André Perry is a giant in the Quebec recording industry. Starting in the late 1960s, he was involved in an enormous number of recordings of the “Relève”, beginning with Robert Charlebois. After he recorded John Lennon’s “Give Peace a Chance” in June of 1969, he was determined to put his Ville Brossard studio on the map as a place to record major international artists. In order to do this, he was relentless in his pursuit of new recording technology – always ahead of his time. His was the first studio in Montreal to purchase an 8-track and, later, a 16-track tape recorder. His new studio, at 1135 Amherst Square, was also state-of-the-art and well ahead of its time with a newly designed console built by Olive Electronics and two 16-track tape recorders synchronized to offer 32 track recording. Unfortunately, Perry’s desire for innovation was also his downfall. The Olive Electronics console, although a brilliant design, was a disaster in practice, because the technology was not ready. For similar reasons, the synchronization of the two multi-track machines was no more successful. After a little over a year in operation in his new space, Perry was forced to sell the business.
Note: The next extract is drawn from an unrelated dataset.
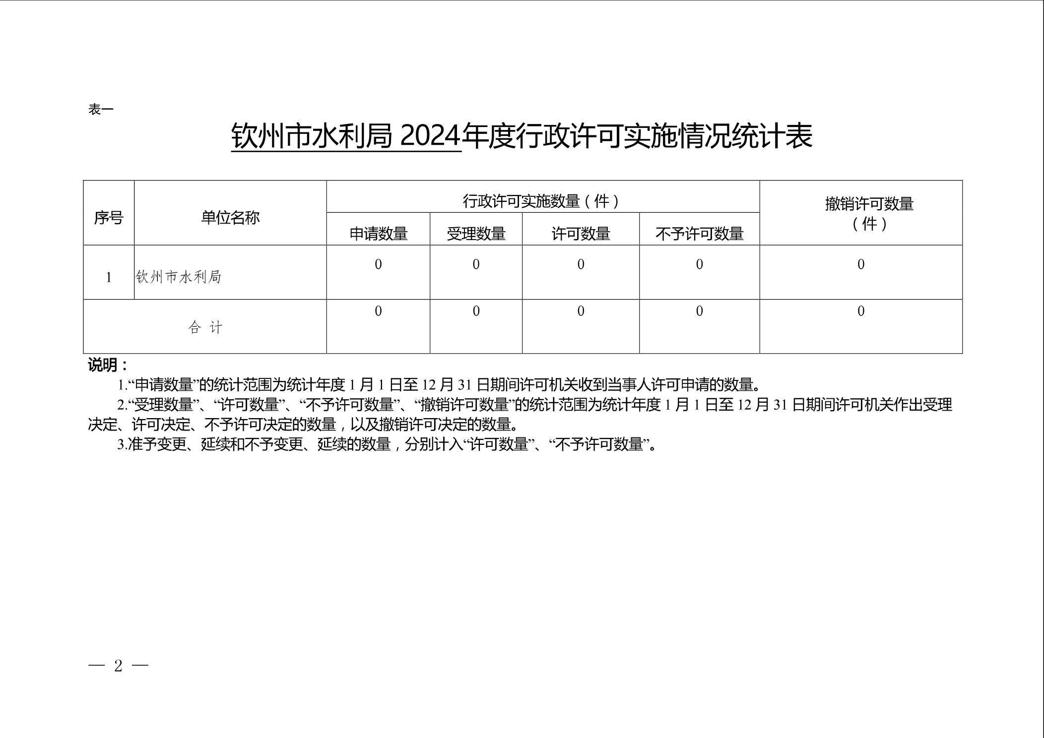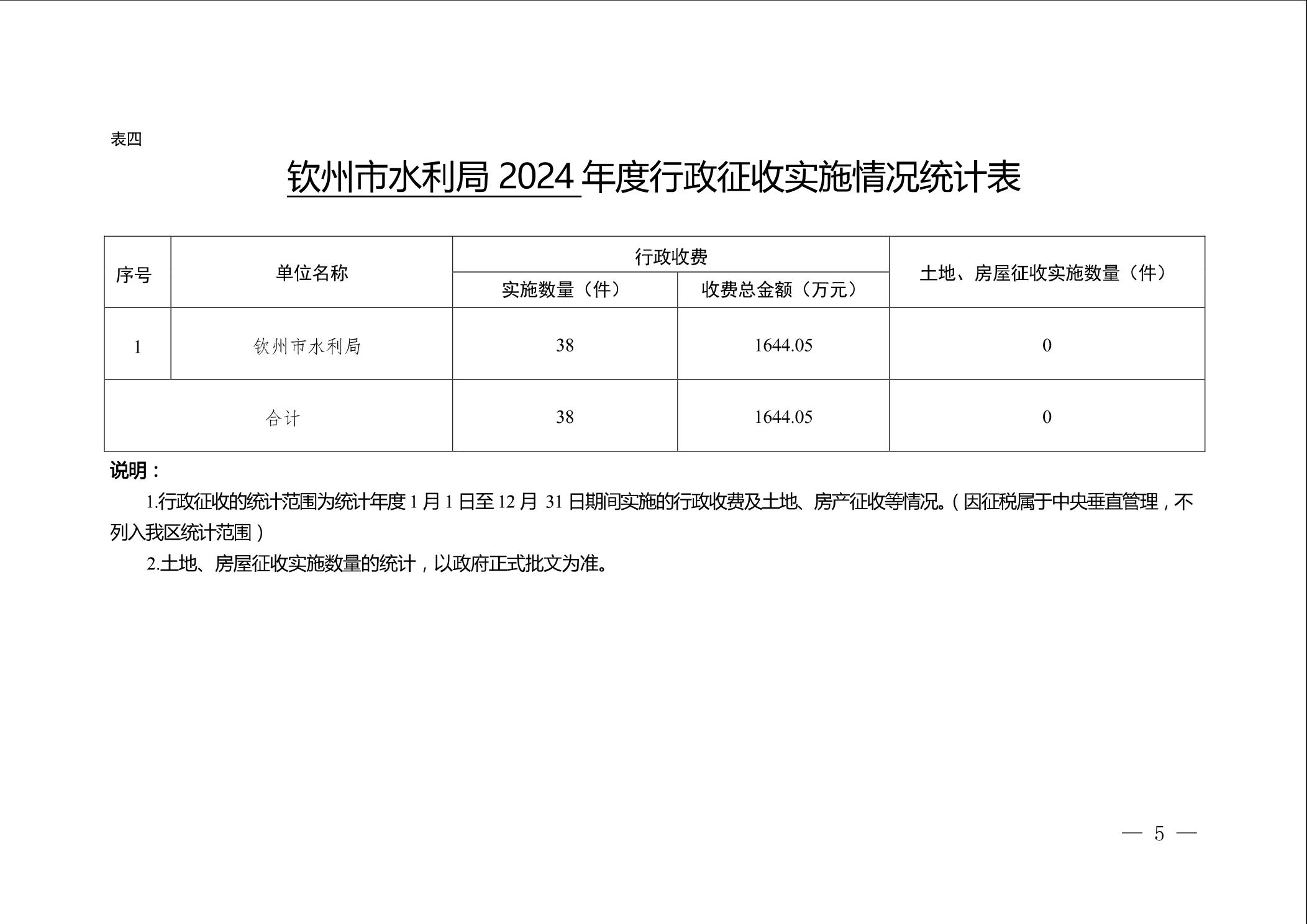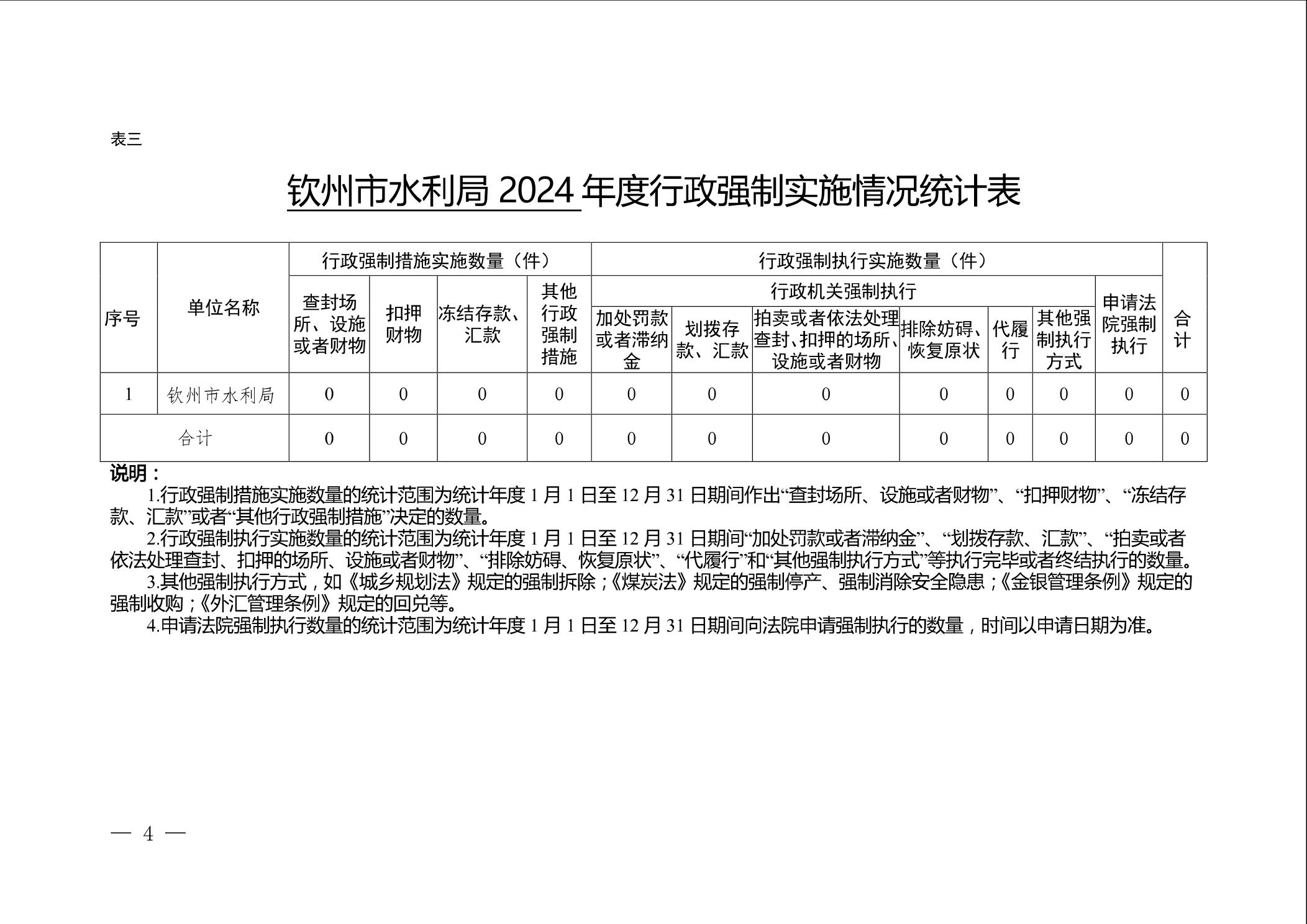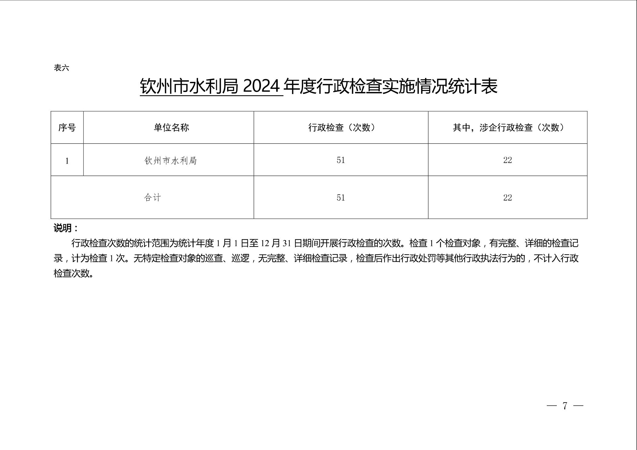 钦州市水利局2024年度行政执法数据

However, his passion for recording and international stature led him to open in 1974 “Le Studio” in Morin Heights. With its live-in country environment, this studio soon attracted artists from all over the globe. This formula worked well for a number of years until an expansion into the video market in Canada and the US led to new financial ruin. Perry subsequently sold the studio in 1988. By 2008 the studio had ceased operations and as of 2015 the property was for sale. On August 11, 2017, the building was partially destroyed by a suspicious fire.
One cannot underestimate Perry’s contribution as the teacher and mentor of other well-known recordist/engineer/producers including Michel Lachance, Ian Terry, Claude Demers, Nick Blagona and Nelson Vipond.